For Podman there is available kube file. Run the project with:
podman kube play kube.yaml
For Docker there is a docker compose file. Environment config in compose file:
webhook- URL where info about new connected wireguard peer will be sentinterface- host interface on which wireguard is listeningfilter- BPF filter for wireguard traffic; containing protocol and wireguard listening port. default:udp and dst port 3000
docker compose up
Project also runs locally.
go build -o app
sudo ./app
To run tests:
# Skips live test
go test -v ./...
# Including live test
go test -v ./... -args -live
Netfilter logging is used for packet notification by default (NFLogMonitor). This works by opening a unix socket via netlink library that listens on a specific group (group 1 set as default) for messages. To properly utilize this feature there are two important components:
- wgmon configured to listen via nflog
- nftables or iptables that log packets via nflog to group
Here's an example on how to make this work. On nftables side (operating system level) execute:
nft create table inet filter
nft create chain inet filter input { type filter hook input priority 0 \; }
nft add rule inet filter input udp dport 3000 log group 1 snaplen 65535 prefix "Received packet on udp port 3000"
This rule instructs nftables to log UDP packets received on port 3000 to nflog group 1. All unix sockets bound to nflog group 1 will receive a packet once it hits port 3000. The firewall component can be easily covered with wireguard's PostUp options in configuration. Here's an example server configuration:
[Interface]
Address = 10.10.10.1/24
ListenPort = 3000
PrivateKey = <PRIVATE_KEY>
PostUp = nft add table inet wgmon
PostUp = nft add chain inet wgmon input { type filter hook input priority 0 \; policy drop \; }
PostUp = nft add rule inet wgmon input udp dport 3000 log group 1 snaplen 65535
PostUp = nft add rule inet wgmon input ct state established,related accept
PostUp = nft add rule inet wgmon input udp dport 3000 accept
PostDown = nft delete table inet wgmon
[Peer]
PublicKey = <PUBLIC_KEY>
AllowedIPs = 10.10.10.2/32
Small demonstration of the netfilter logging feature with simple log that writes packets in kernel log:
$ nft list ruleset
table inet filter {
chain input {
type filter hook input priority filter; policy accept;
tcp dport 8888 log prefix "Received packet on TCP 8888" snaplen 65535
}
}
$ curl 127.0.0.1:8888
curl: (7) Failed to connect to 127.0.0.1 port 8888 after 0 ms: Couldn't connect to server
$ dmesg | tail -n 1
[116252.891085] Received packet on TCP 8888IN=lo OUT= MAC=00:00:00:00:00:00:00:00:00:00:00:00:08:00 SRC=127.0.0.1 DST=127.0.0.1 LEN=60 TOS=0x00 PREC=0x00 TTL=64 ID=34489 DF PROTO=TCP SPT=56672 DPT=8888 WINDOW=65495 RES=0x00 SYN URGP=0
This approach is not much different than firewall logging packets into a file. The difference is that, with group, all packets are sent directly to listening sockets removing the need for intermediate files or opening PCAP handles with filters to sniff traffic.

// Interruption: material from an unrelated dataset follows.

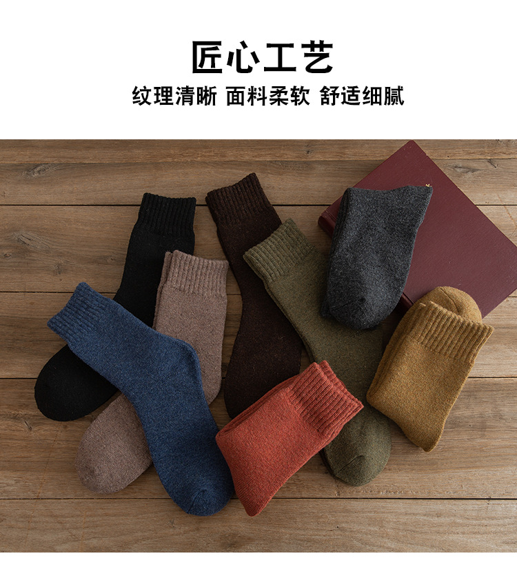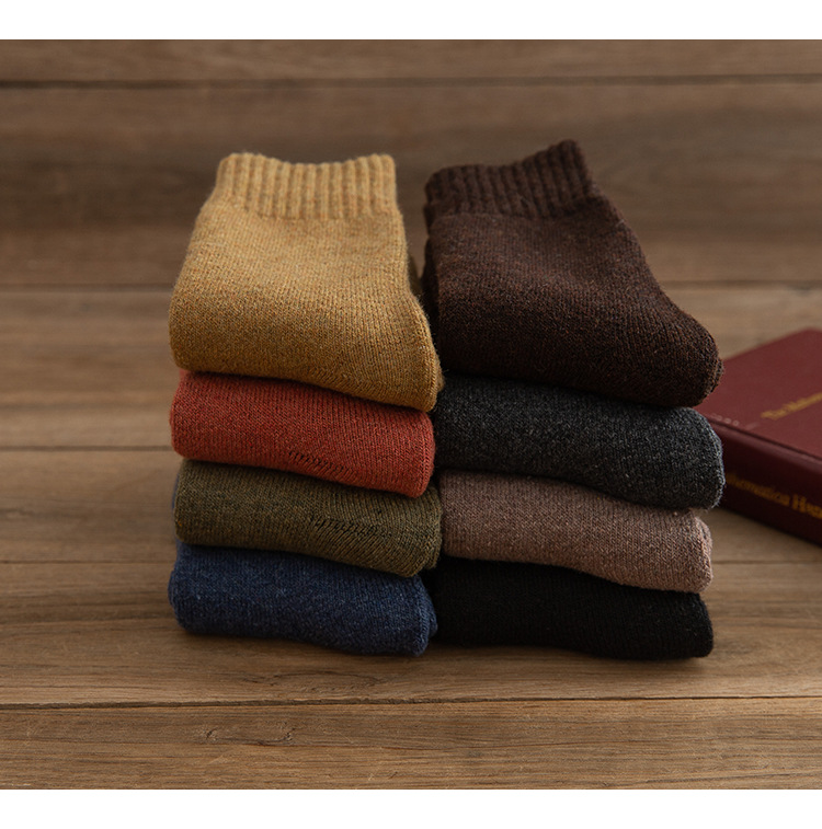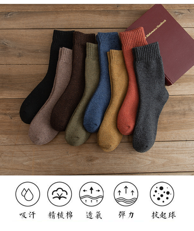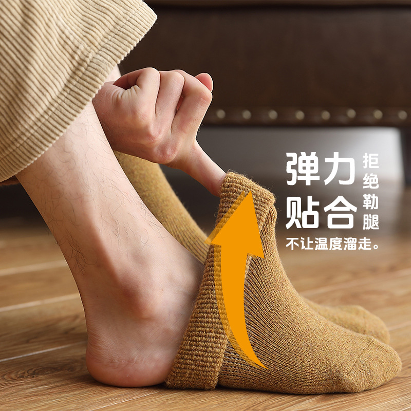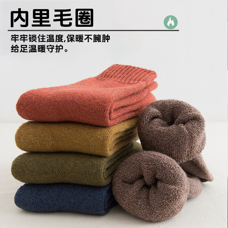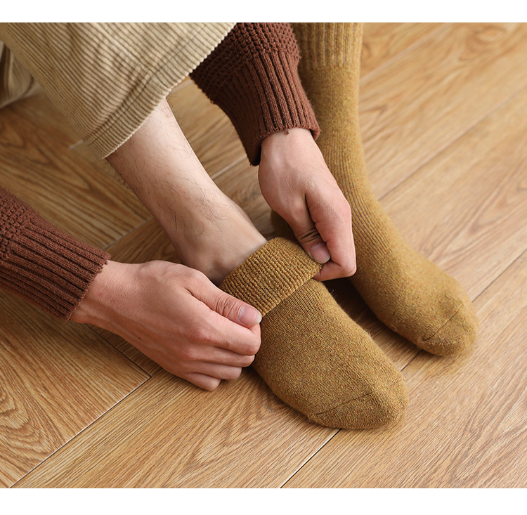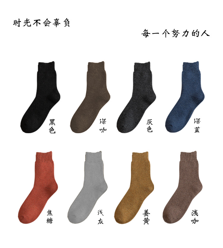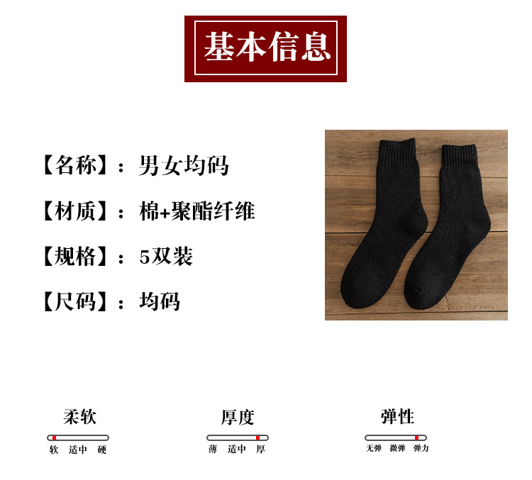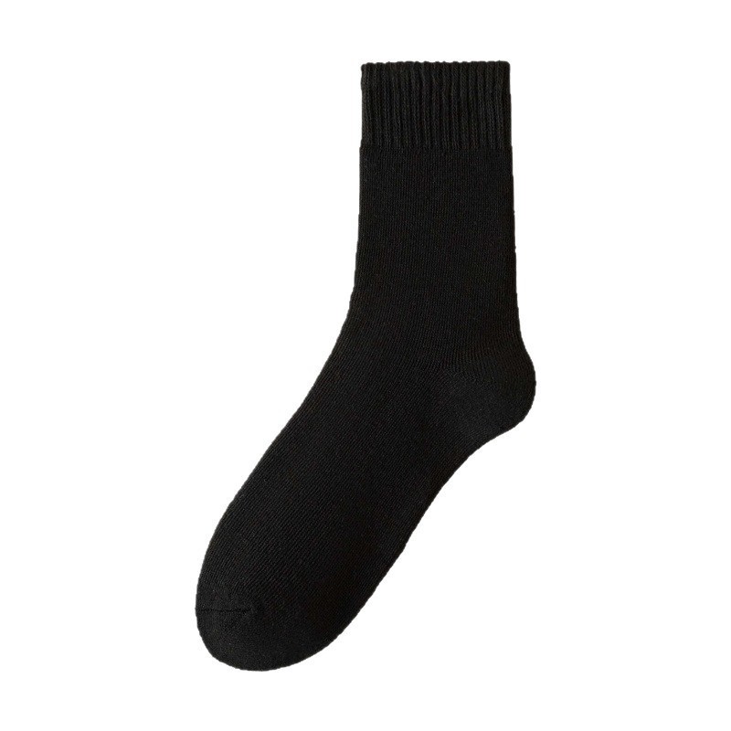 加厚袜子男款冬季袜子黑色保暖毛巾底中筒袜加绒毛圈内里冬厚棉袜
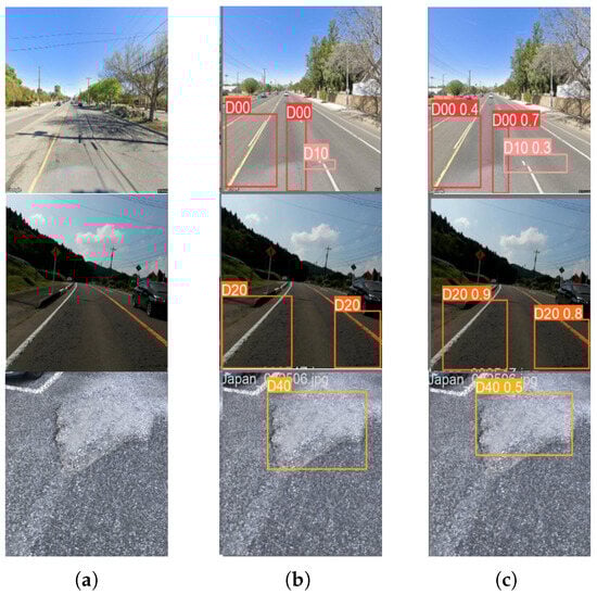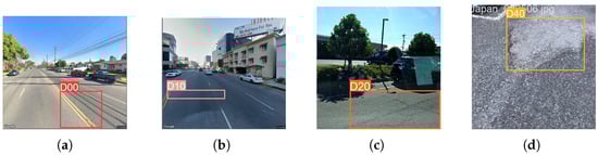 RDD 2022 contains 47,420 images, of which 36,000 have annotations from six distinct countries. Approximately 14,700 of the 36,000 annotation files were found to be empty as they did not contain an object, so those images were manually removed by us. YOLO is designed to detect objects in a single pass across the entire image; unlike two-stage detectors (such as Faster R-CNN), this method does not require negative photos for training. The dataset had a country-specific sub-folder for each country’s images and corresponding annotations. China-Drone was omitted in our work because it needed to be obtained from a front-mounted vehicle image for this research. A close inspection of the RDD 2022 dataset provides us with a few insights for selecting images efficiently. Countries such as Norway and Japan had various image sizes. For example, the resolution of the Norway photos (3072 × 3720) is incompatible with our GPU configuration. Each image was manually scaled to 640 × 640 to train the YOLOv5 model. Numerous photos have distinct labels for a single country. For instance, China Motorbike has a label named Repair. Japan and India have multiple labels with the uncommon names D01, D11, D43, D44, and D50. In light of this, the unique classes were manually eliminated, the remaining classes were merged, and the four common categories were retained for six countries. Four types of damage were included: D00: longitudinal cracks, D10: transverse fractures, D20: alligator cracks, and D40: potholes. Figure 6 depicts an example of these four classes.

If wgmon is configured with monitor=nflog and group=1 (both defaults), it will receive incoming packets which trigger tracking of wireguard connections.
In case netfilter logging is not available, BPF can be used as fallback (BPFMonitor). This approach opens a PCAP handle with minimal filter to capture incoming packets which trigger tracking of wireguard connections.
In case of BPF filter, there are no additional components involved as everything is handled by wgmon, with a downside that live packet capture is usually considered heavier on resources.
For this to work wgmon must be configured with monitor=bpf and appropriate interface and filter. Use your public facing interface (eth0 is set as default) and filter that captures only the wireguard listening port (udp and dst port 3000 is set as default).